When fans respect these boundaries, concerts stay what they’re meant to be: a shared celebration of music instead of a recurring workplace hazard for performers.

What These Outlandish Moments Reveal About Modern Fandom

The rise of bizarre onstage items isn’t happening in a vacuum.
It’s tied to how fandom has evolved in the social media era.
Many fans don’t just want to attend a show they want to become part of its lore.
Being “that person who threw the thing” can mean instant internet fame, for better or for worse.

At the same time, artists are increasingly speaking out, asking fans to stop throwing objects and emphasizing that they want connection, not combat.
Some incidents have sparked debates about banning phones, tightening security, or even redesigning stages to keep performers farther away.

In the end, the best concert memories don’t usually involve someone going to the hospital or security dragging a fan out.
They’re about moments when thousands of people sing the same lyric at once, when the artist smiles because the crowd knows every word, or when a quiet acoustic song hushes a stadium.
Those are the kinds of onstage moments worth going viral no flying objects required.

Real-Life Experiences and Takeaways from Outlandish Onstage Moments

If you talk to people who attend a lot of shows hardcore fans, touring crew, photographers, or venue staff almost everyone has a story about a night when the crowd crossed the line.
Maybe it wasn’t a prosthetic leg or a dead fish, but chances are there was at least one flying shoe, a drink tossed toward the stage, or a phone that just barely missed someone’s face.

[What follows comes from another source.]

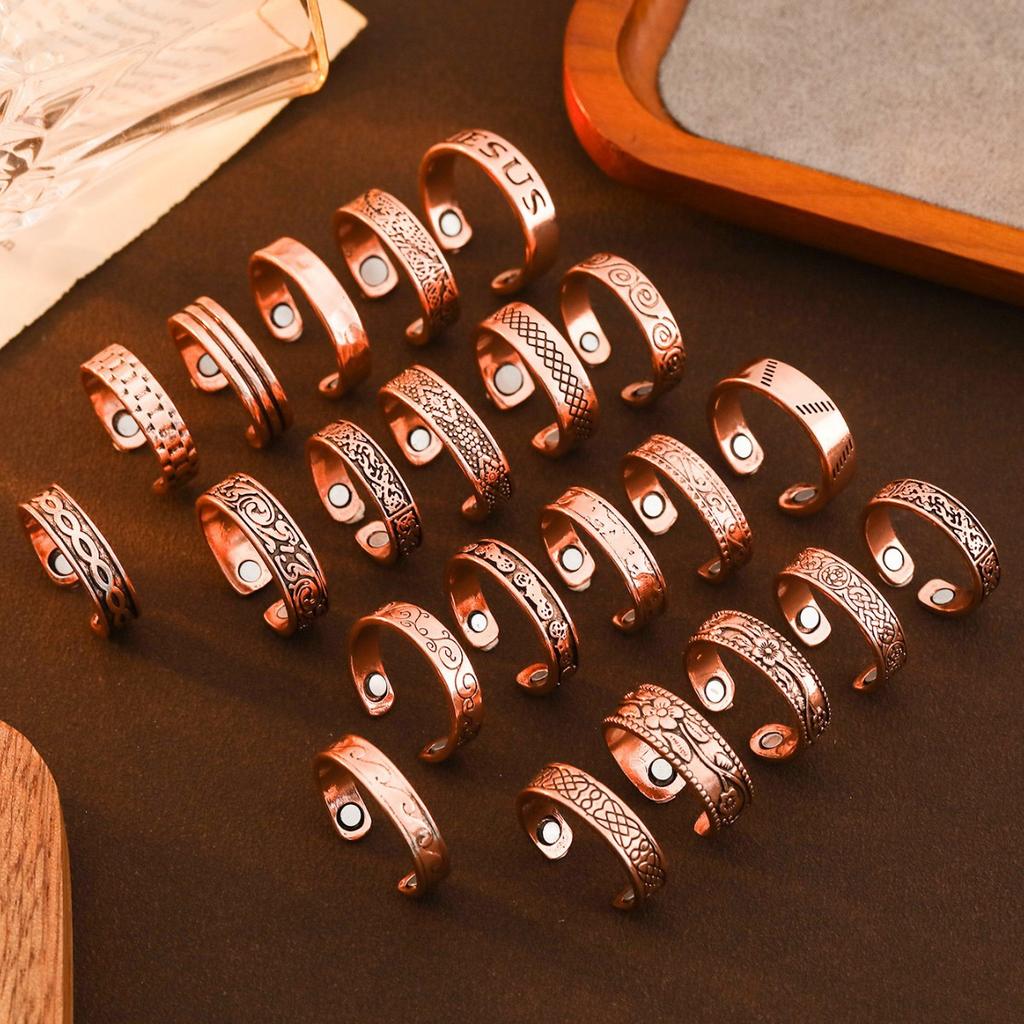 Miedziany Magnes Retro Pierścionek Modowy Atmosferyczny Wysoki Smak Wygrawerowany Wzór Totem Otwierany Pierścionek

From the front row, it can be tempting to think, “It’s just one thing, and it will be funny.”
But in the pit, you can feel the shift when something gets thrown: people flinch, security tenses, and the energy changes from celebration to concern.
Suddenly, everyone is looking around instead of looking up at the performer.

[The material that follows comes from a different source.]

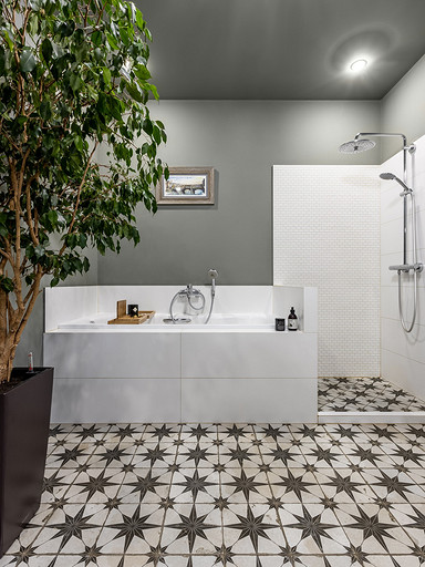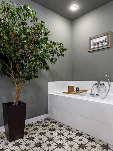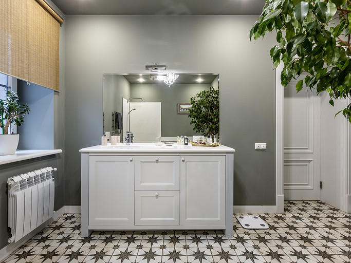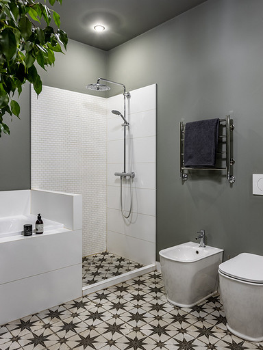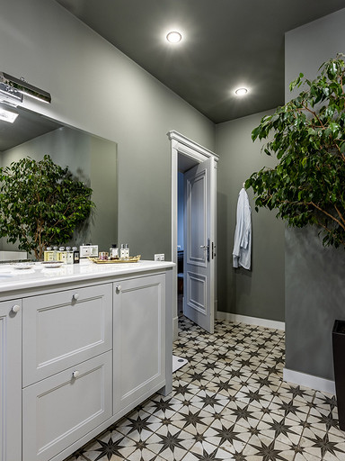 - Потолки: подвесная конструкция из металлических профилей с обшивкой ВГКЛ, Flugger, Orac Decor

Tour crew members will tell you that they spend far more time thinking about safety than fans realize.
They’re watching for crowd surges, checking that barricades hold, scanning for medical emergencies and now they also have to keep an eye out for mystery objects flying toward the stage.
Every time someone hurls something, they’re not just risking the artist’s safety; they’re making the entire job more complicated for the people whose work makes the show possible.

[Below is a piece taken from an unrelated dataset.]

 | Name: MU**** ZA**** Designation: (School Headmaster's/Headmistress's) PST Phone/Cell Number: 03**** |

For artists, these incidents leave a mark long after the bruise fades.
Some have opened up in interviews about feeling anxious onstage or changing how they move, where they stand, or how much they interact with fans.
Instead of enjoying a moment when the crowd throws love their way, they’re bracing for impact literally.
That’s the opposite of what live music is supposed to feel like for the people creating it.

As fans, the best “experience” we can create is one where everyone performer, crowd, and crew feels safe enough to let go and enjoy the show.
That means cheering loudly, singing off-key, dancing badly, and making wholesome memories, not headlines about injuries.
If you want a moment of interaction, try a clever sign, coordinated glow sticks, or a crowd sing-along.
Those things still go viral, and no one leaves with stitches.

And if you ever find yourself holding something and thinking, “Should I throw this onstage?” the answer, 99.9% of the time, is no.
Keep your phone in your hand, your drink in your cup holder, your candy in your mouth, and your baby in your arms.
Let the wildest thing about the night be how good the show was not how close you came to turning your favorite concert into a cautionary tale.

Conclusion: Let the Music, Not the Missiles, Steal the Show

From chicken nuggets and Skittles to ashes, ice, and prosthetic legs, the list of outlandish items that have made their way onstage at concerts is both hilarious and genuinely worrying.
These stories are entertaining to read, but they’re also warnings about how easy it is for “fun” to cross into “dangerous” in a crowded venue.

Concerts work best when the connection between artist and audience is built on mutual respect.
Cheer loudly, sing your heart out, cry during the ballads, dance during the bangers but leave the throwing arm at home.
The most unforgettable moments don’t require an object sailing through the air.
They just need great music, a respectful crowd, and maybe, if you’re Pink, a safely delivered wheel of cheese.